I was already on a roll, the lightbulbs blinking in my head like a Christmas light show.

"Actually, I think it would be a great idea to showcase Oakley Stead to our guests who would be letting out their deep pockets come the night of the masquerade. It gives them tangible proof of where our efforts are going and it offers a unique setting for once, since we do the wild card charity round at Clifton House every year."

I glanced behind me and arced my hand in dramatic flourish to highlight the rustic charm of the house and the quaint mystery of the thick woods that surrounded the soft slopes like fortresses to a fairy land. 

"With some firefly light effects outside, around the trees, and some elegant old-world touches, it could be the perfect setting for Masquerade Magnifique," I added with a near-twirl as I imagined the soft, smoky glow of candlelight in the ballroom, the fancy ball gowns and mysterious masks, the sweet, seductive music, the tinkle of wine glasses, the rippling laughter and humming conversations among the crowd. "I think it's going to be splendid."

The faces staring back at me all showed symptoms of dreamy excitement except for Catherine who looked at me incredulously. "But plans have been made to hold it at Clifton House!
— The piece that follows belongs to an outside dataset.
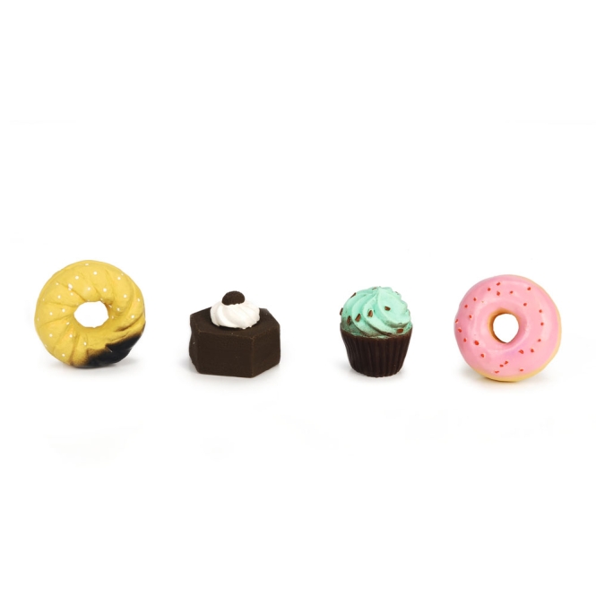 – Größenangaben: – Brötchen: 7,5 x 7,5 x 3,5 cm – Schokoladenkuchen: 7 x 7 x 5,5 cm – Muffin: 4x4x7 cm – Krapfen: 7,5 x 7,5 x 3,5 cm

It's two weeks away. You can't just move the event to a totally different location."

I shrugged. "We have a long-standing partnership with the best event-planning team in the state who tote the esteemed reputation of being able to cater to our every whim and fancy considering how particular our standards are. I'm sure they can make it happen in all levels—from our guests, to our vendors, to the press. They can easily angle it as a means to showcase the home which will become the very center of this cause."